## WORK ORDER
Write out a word-for-word repetition of the lines that come before the line containing "Weiterlesen1 kg BAYZID®" in the listing below, along with that line itself, omitting pictures.
PROVIDED RECORDS Start Marker
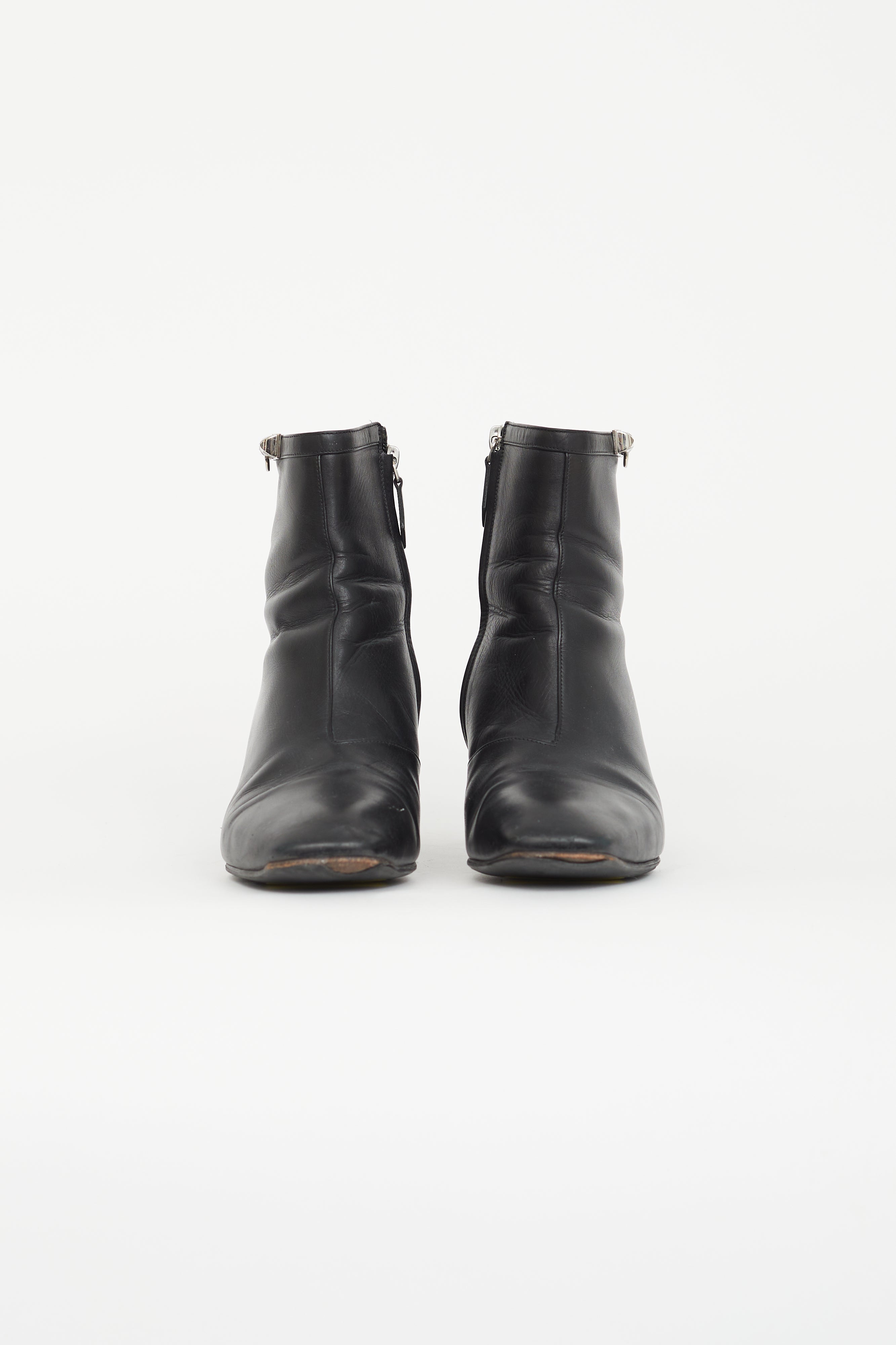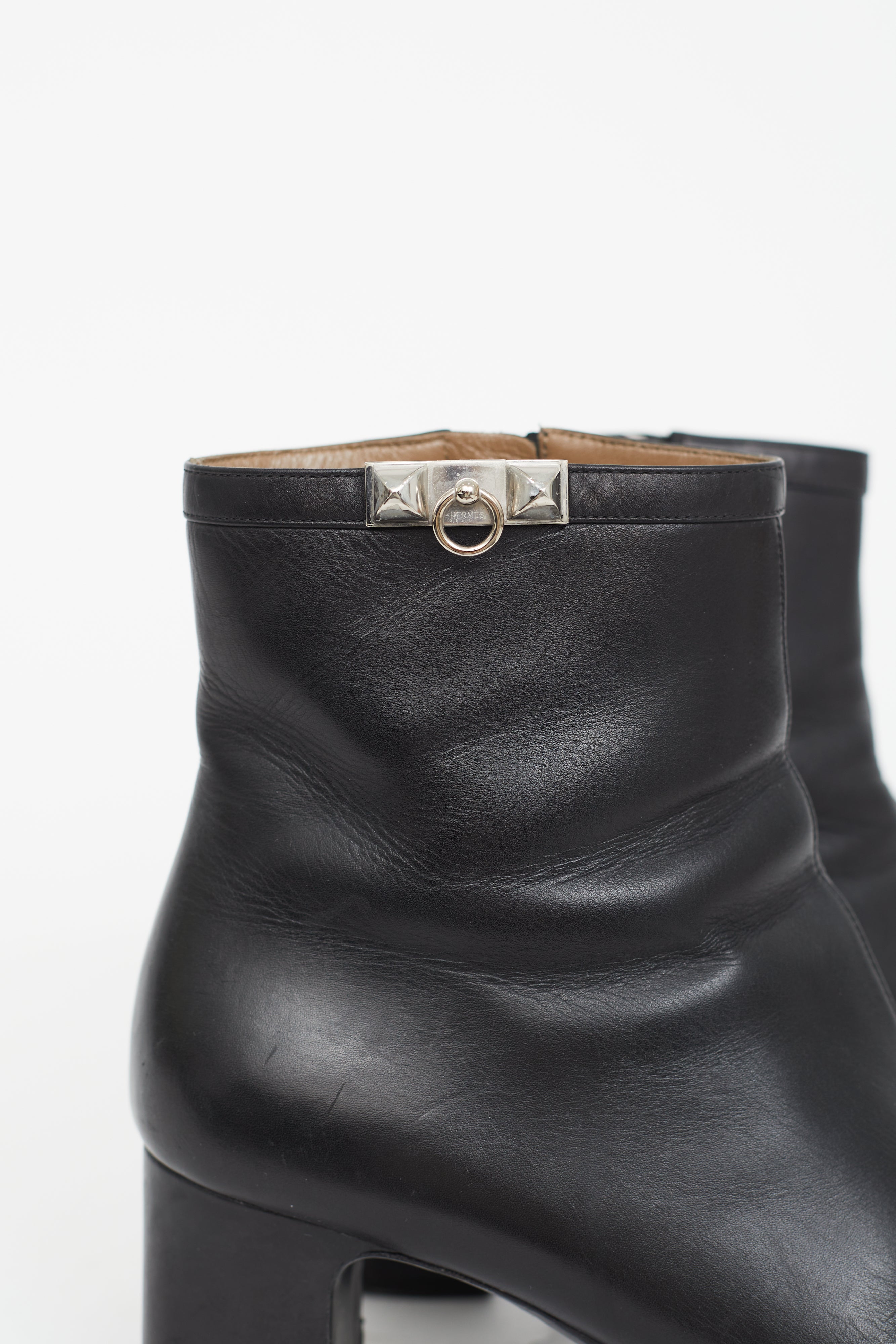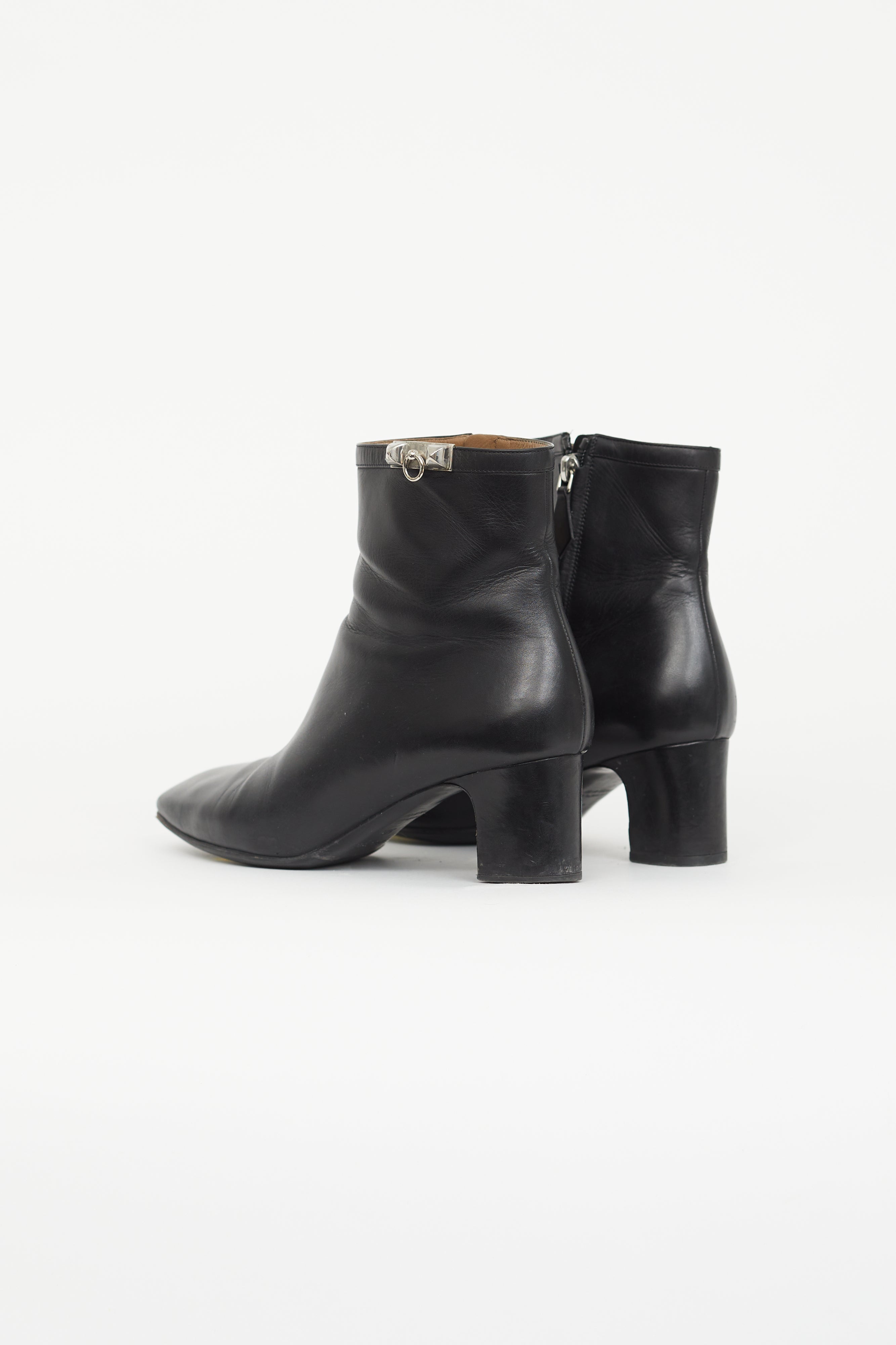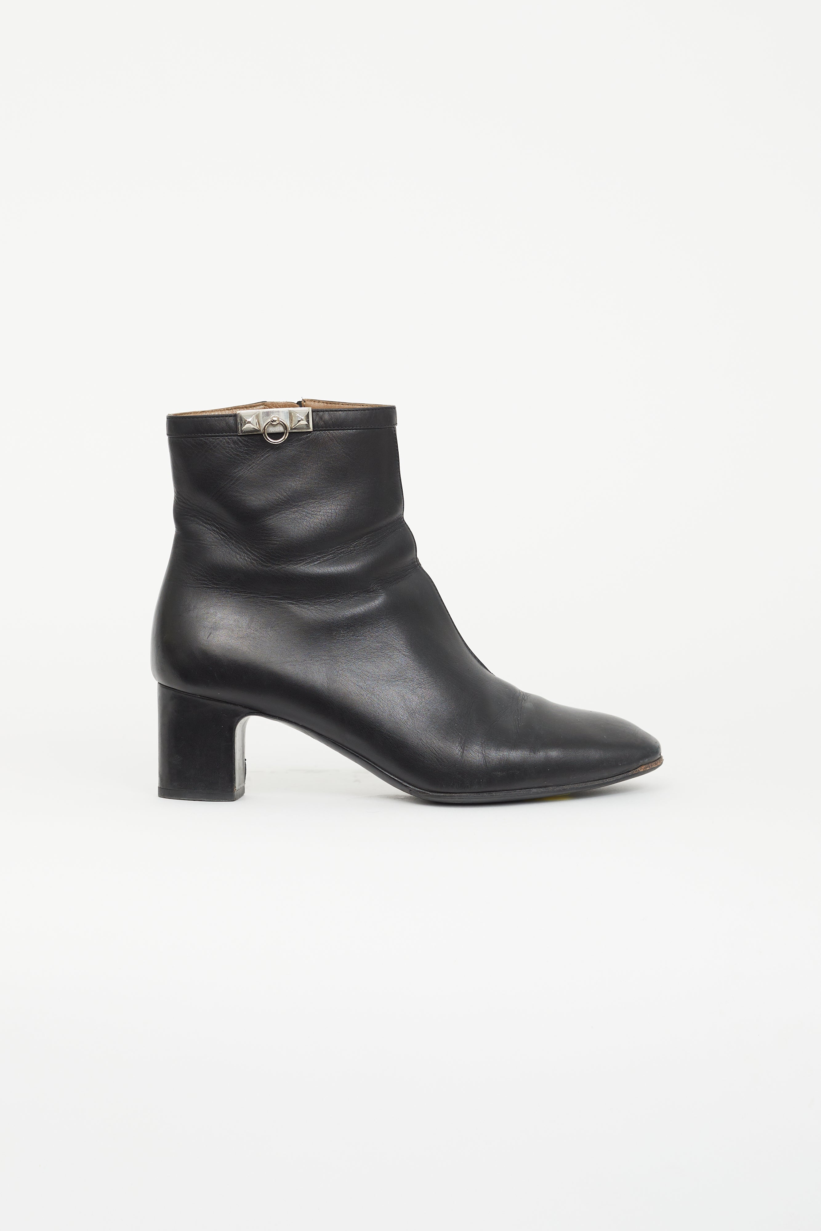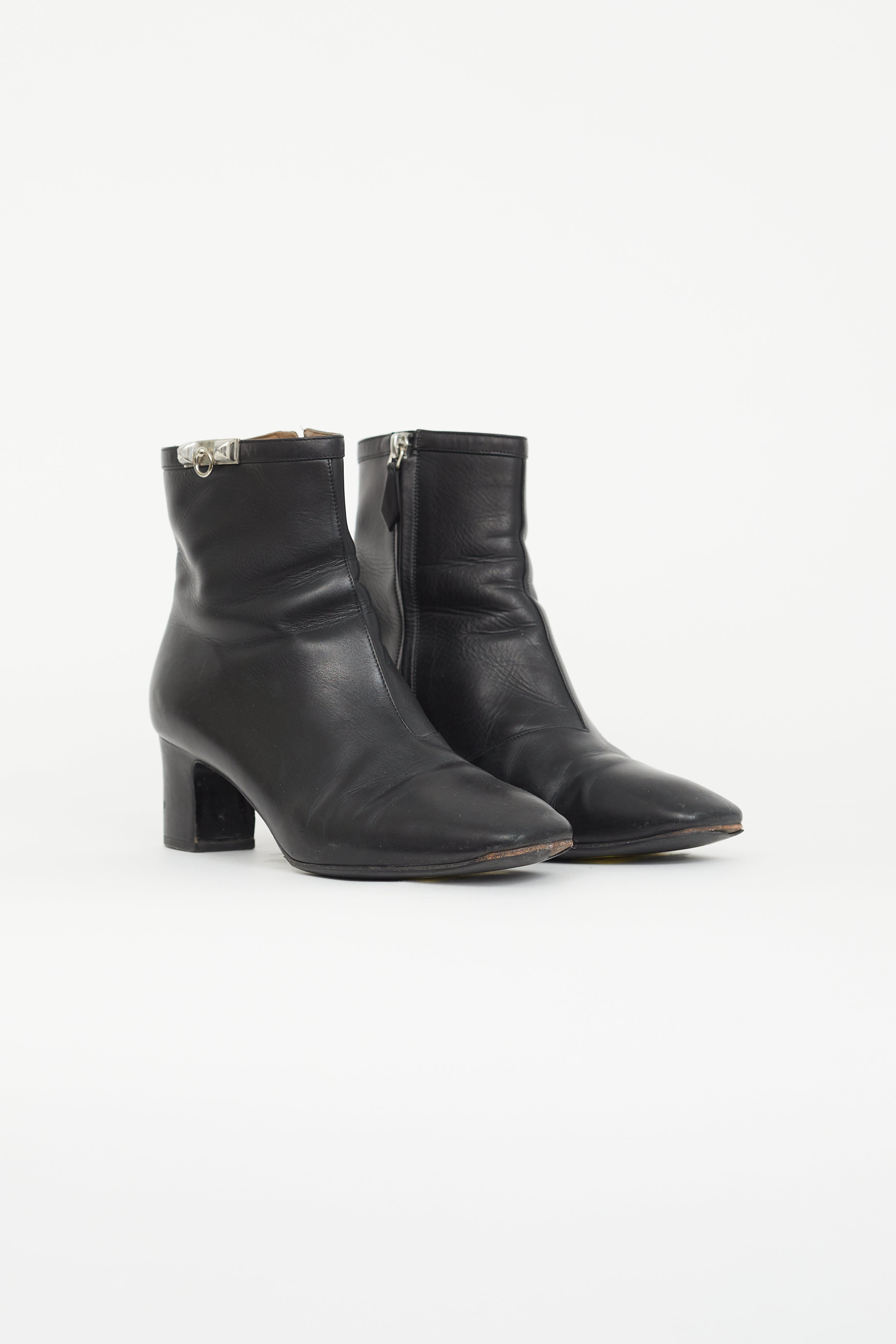 Pre-owned Hermès black Power ankle boots featuring a square toe, silver tone Collier de Chien hardware at ankle, wrapped block heel, and a zip closure at side.
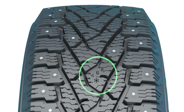 — множество четырехгранных шипов в сочетании с оптимизированной схемой их расположения обеспечивает отличное сцепление на льду в течение всего срока эксплуатации;
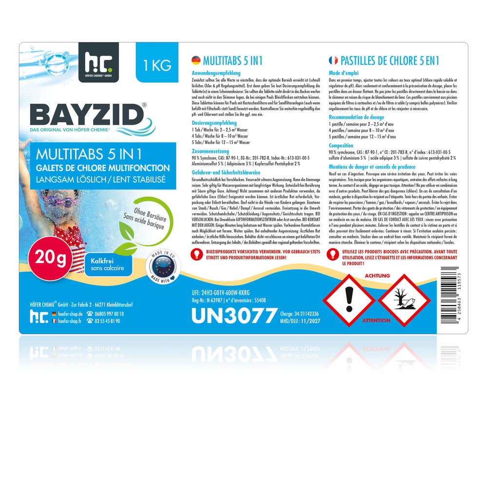 Weiterlesen1 kg BAYZID® Multitabs 20g 5in1 für Pools - 1x 1 kg ist auf Lager und wird versandt, sobald es wieder verfügbar ist
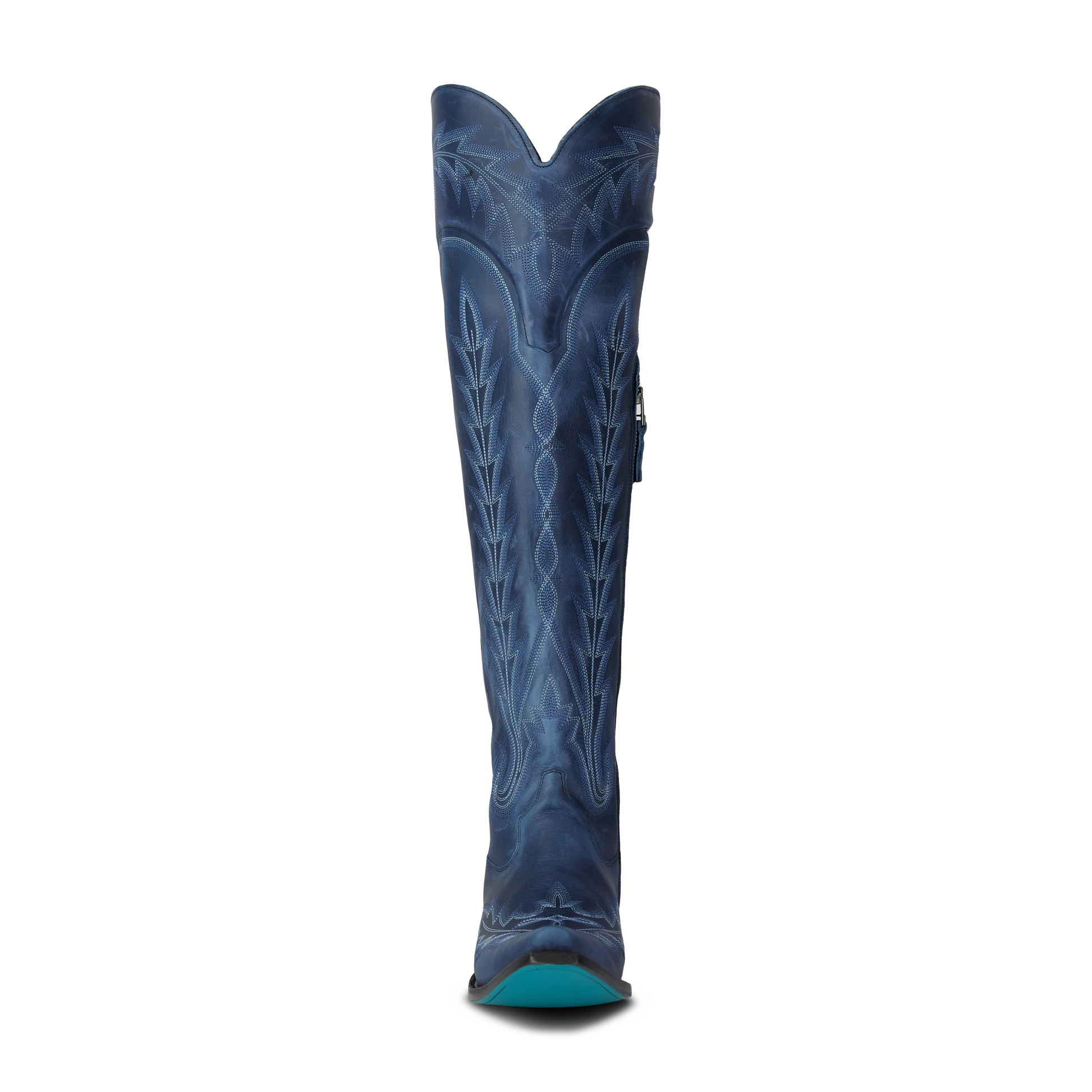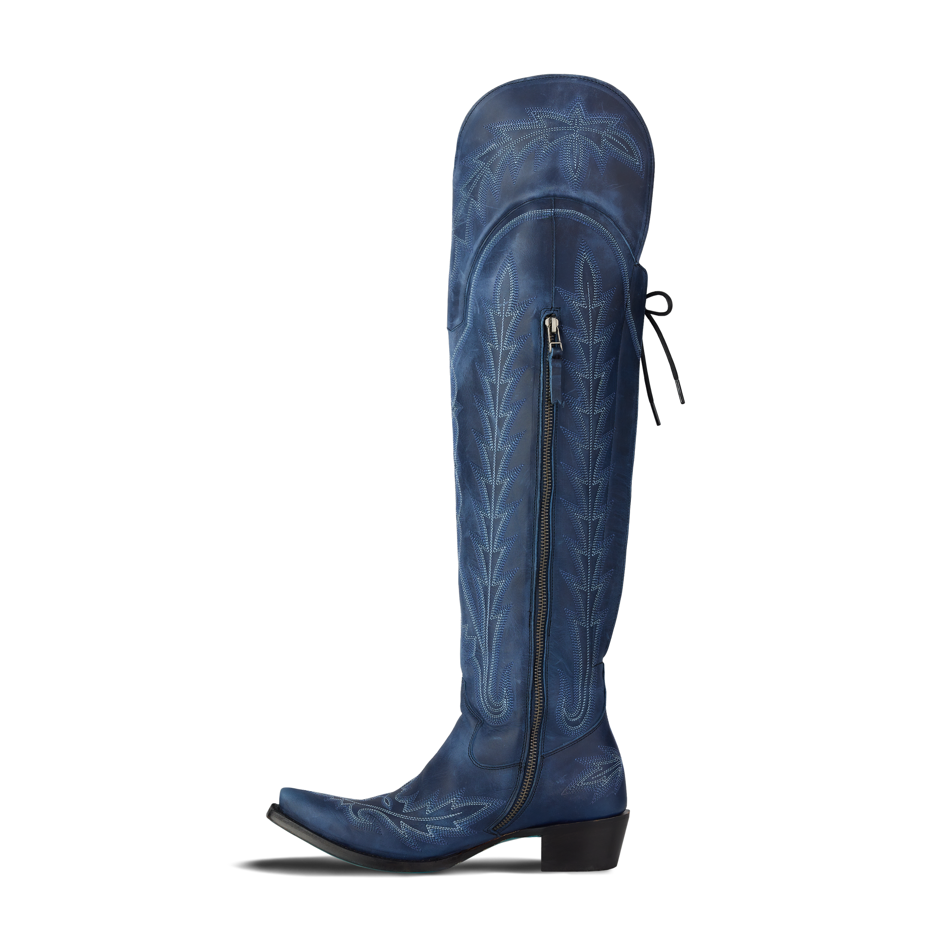 Sexy Over the Knee boot kicking classic retro stitch up all the notches.  Functional corset with wide tongue to accommodate all sexy leg types. Customize the corset to your leg one time and the easy in, easy out zipper will take care of the rest.
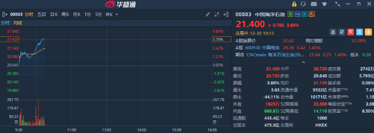 华盛资讯12月30日讯,港股石油股盘中走强,中国海洋石油涨近4%,中国石油股份涨超2%,中国石油化工股份涨近1%。
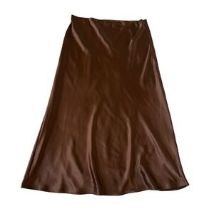 AQUA Satin Midi Slip Skirt - Exclusive for Bloomingdales - in Chocolate Brown, women's size XL (see measurements below). Beautiful, pull-on style, elasticized waist chocolate brown satin A-Line midi skirt, fully lined. Good pre-owned condition. See photos for details (one small pull and one smudge - should come out with next wash - not noticeable without detailed inspection).
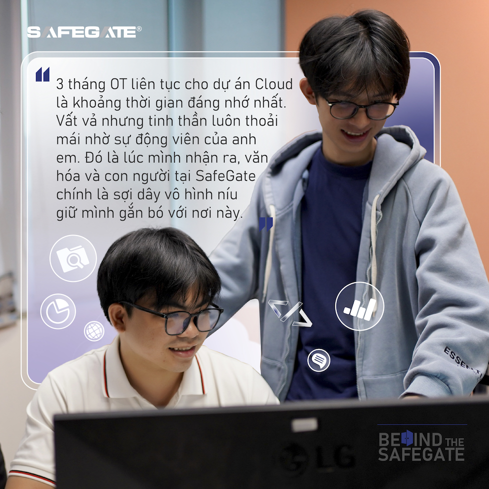 Bước ngoặt lớn nhất giúp Khoa chuyển mình từ một thực tập sinh sang nhân viên chính thức là khi được tham gia dự án xây dựng nền tảng quản lý Cloud của SafeGate. Đó cũng là lần đầu tiên cậu được tiếp cận một hệ thống quy mô lớn đến vậy. Kỷ niệm đáng nhớ nhất là chuỗi 3 tháng OT liên tục. Nghe thì có vẻ áp lực, nhưng Khoa chia sẻ đó lại là giai đoạn mà tinh thần của cả đội luôn thoải mái, phối hợp ăn ý và động viên nhau từng ngày. “Kết quả của đợt "cao điểm" đó không chỉ là sự thành công của dự án, mà còn là... số cân nặng của mình tăng lên đáng kể”.
PROVIDED RECORDS End Marker
## RESPONSE BELOW
 Pre-owned Hermès black Power ankle boots featuring a square toe, silver tone Collier de Chien hardware at ankle, wrapped block heel, and a zip closure at side.
 — множество четырехгранных шипов в сочетании с оптимизированной схемой их расположения обеспечивает отличное сцепление на льду в течение всего срока эксплуатации;
 Weiterlesen1 kg BAYZID® Multitabs 20g 5in1 für Pools - 1x 1 kg ist auf Lager und wird versandt, sobald es wieder verfügbar ist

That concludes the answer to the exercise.